> [Data supplied]
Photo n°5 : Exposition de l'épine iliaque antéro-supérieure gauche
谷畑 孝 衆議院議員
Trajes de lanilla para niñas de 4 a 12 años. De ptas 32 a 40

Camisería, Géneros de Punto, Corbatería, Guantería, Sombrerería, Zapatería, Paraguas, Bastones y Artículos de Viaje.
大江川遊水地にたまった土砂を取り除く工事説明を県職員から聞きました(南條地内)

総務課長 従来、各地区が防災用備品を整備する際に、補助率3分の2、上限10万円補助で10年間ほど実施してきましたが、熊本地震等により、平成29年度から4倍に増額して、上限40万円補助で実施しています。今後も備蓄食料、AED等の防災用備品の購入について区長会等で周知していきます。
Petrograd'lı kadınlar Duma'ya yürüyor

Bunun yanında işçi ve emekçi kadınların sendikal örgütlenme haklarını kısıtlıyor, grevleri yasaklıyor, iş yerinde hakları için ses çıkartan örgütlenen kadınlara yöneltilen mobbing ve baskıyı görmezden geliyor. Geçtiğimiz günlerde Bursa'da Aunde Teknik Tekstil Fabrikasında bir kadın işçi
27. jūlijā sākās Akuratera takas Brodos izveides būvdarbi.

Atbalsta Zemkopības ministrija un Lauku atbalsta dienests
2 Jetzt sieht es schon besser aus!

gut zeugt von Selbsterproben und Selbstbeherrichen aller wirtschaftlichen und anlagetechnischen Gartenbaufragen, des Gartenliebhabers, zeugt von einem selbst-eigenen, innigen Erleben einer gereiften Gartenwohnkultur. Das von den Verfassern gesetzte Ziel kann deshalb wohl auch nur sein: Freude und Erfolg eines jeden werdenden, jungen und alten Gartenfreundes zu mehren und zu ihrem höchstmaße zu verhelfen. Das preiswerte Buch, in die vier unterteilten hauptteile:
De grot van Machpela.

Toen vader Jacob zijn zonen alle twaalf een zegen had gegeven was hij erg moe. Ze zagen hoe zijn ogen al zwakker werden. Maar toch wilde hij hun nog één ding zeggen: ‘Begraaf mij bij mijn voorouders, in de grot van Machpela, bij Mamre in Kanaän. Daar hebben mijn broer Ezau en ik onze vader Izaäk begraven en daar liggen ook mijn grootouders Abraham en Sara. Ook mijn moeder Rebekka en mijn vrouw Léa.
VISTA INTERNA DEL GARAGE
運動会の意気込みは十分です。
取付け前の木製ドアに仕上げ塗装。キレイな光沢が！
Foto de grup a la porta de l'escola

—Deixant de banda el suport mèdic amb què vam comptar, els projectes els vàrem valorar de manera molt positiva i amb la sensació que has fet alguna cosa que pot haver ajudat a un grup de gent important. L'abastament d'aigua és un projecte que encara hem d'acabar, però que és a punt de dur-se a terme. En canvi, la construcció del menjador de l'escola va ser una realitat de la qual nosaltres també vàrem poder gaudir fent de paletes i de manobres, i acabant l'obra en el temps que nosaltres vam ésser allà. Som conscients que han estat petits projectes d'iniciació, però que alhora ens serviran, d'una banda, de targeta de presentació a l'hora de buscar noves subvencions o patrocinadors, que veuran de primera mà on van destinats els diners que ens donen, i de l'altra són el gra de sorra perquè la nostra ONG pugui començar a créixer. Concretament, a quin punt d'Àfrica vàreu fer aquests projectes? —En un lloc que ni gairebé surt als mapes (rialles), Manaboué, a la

...

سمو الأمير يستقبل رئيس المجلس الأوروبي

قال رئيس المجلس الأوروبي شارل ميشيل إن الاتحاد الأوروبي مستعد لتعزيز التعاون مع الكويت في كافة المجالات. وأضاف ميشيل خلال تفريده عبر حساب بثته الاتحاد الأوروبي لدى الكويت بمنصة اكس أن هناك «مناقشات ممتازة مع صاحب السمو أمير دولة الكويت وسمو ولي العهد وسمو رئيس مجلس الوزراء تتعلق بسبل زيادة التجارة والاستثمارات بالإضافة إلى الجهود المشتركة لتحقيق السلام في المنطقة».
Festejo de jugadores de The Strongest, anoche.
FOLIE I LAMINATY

--

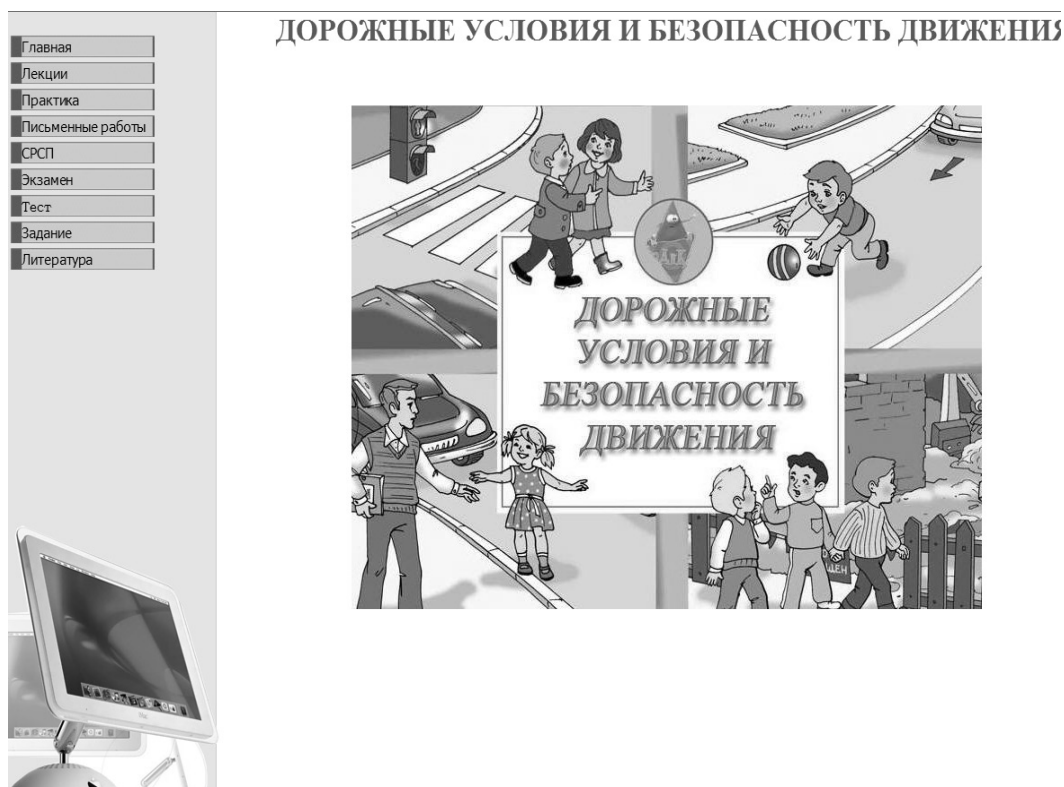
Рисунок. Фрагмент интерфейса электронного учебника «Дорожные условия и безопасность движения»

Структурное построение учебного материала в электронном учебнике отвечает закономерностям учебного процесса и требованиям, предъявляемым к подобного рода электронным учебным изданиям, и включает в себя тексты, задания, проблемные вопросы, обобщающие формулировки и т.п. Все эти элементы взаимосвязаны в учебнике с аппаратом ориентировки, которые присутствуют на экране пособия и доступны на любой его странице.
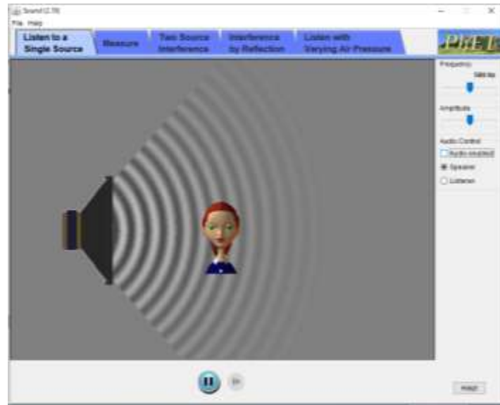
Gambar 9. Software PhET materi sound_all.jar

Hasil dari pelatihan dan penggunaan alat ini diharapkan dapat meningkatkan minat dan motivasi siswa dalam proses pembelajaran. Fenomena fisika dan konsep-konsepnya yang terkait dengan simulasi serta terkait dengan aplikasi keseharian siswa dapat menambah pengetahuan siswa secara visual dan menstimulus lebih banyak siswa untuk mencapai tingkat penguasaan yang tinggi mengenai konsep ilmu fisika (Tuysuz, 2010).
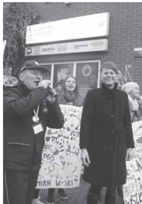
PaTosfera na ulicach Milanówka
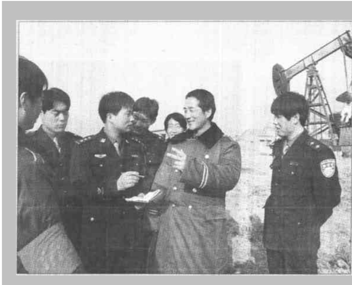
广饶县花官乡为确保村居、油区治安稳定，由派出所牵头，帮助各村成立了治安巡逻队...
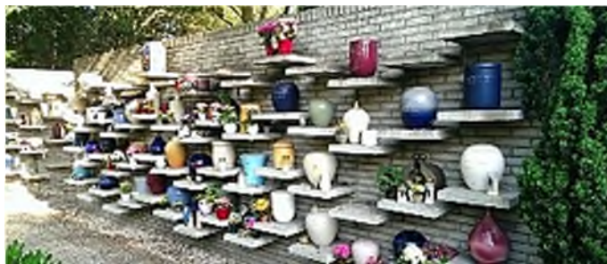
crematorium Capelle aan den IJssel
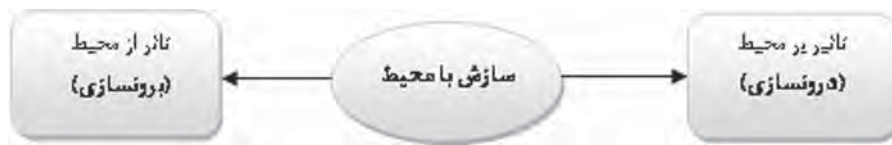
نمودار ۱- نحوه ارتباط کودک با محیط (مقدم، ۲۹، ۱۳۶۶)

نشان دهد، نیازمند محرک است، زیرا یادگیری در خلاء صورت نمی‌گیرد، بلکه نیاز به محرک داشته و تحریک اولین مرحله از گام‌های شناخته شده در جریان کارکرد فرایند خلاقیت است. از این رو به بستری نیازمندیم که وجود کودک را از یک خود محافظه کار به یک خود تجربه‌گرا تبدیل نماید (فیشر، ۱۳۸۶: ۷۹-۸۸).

> [Work order]
The word "Machpela": say how many lines of the records hold it, and give nothing but the number.

> [Exercise solution]
2